The car may be the most obvious example of new technology changing people’s ways of thinking and relating to each other. It has created new towns, new possibilities for travel, and a new independence. It has sliced the countryside with new roads (how will we ever dispose of roads if some new technology displaces the car as the railway displaced the canal?) It has contributed heavily to global warming. The constant introduction of new models with more and more gimmicks is a way of giving people a bogus significance in their lives. Isn’t the solo motorist driving the latest model saying, ‘I’m king of this castle; here I’m in charge; this makes me feel that I matter’?
The TV has changed family life; it sits on its shrine in the living room, demanding reverent silence of its worshippers – and getting it.
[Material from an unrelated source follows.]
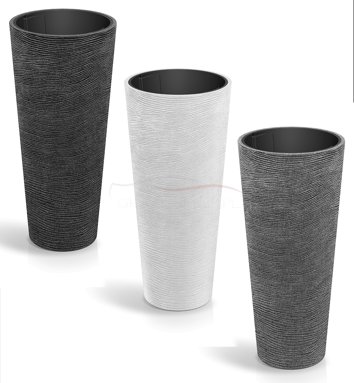 Donice Tubra Round slim od polskiej firmy Prosperplast Powstałe w ramach serii Ethick, stanowią zamknięcie płynących, delikatnych rękodzielnych form żłobień w geometrycznej, trapezoidalnej sylwecie. Wygląda jak zastygnięty nurt płynącej wody. Albo jak linearne formacje piasku kształtowane wiatrem. Albo jakby ktoś oplótł surowy, geometryczny kształt cienką, delikatną włóczką... Istnieje wiele różnych możliwych interpretacji, które mogą wywołać u posiadacza te przyjemniejsze skojarzenia.

The dish-washer means that people no longer talk to each other while washing, drying and putting away the dishes. With the time saved you could walk the dog or exchange information on the Internet with someone in Korea on how to wok a dog.
The ESB got rid of ghosts from old country houses and the cloven hoof at dances; (shouldn’t ghosts sue the ESB, claiming a disturbance allowance or redundancy money?) Double-glazing banished the banshee, with her moaning and wailing through loose window-frames in winter. And tea-bags put an end to reading the future in the leaves at the bottom of the cup. Joxer in Juno and the Paycock said it all: ‘The whole world is in a state of chassis!’
One of the effects of new technology is to separate us, to atomize us into lone rangers. Out goes community; in comes individualism. And that’s not the way to become a human being. Maybe the pub is one of the few places of community left to us. That and the parish, a place where people who have no natural affinity with each other, who may not even like each other very much, come together and share common interests. That can be a school of community and human growth.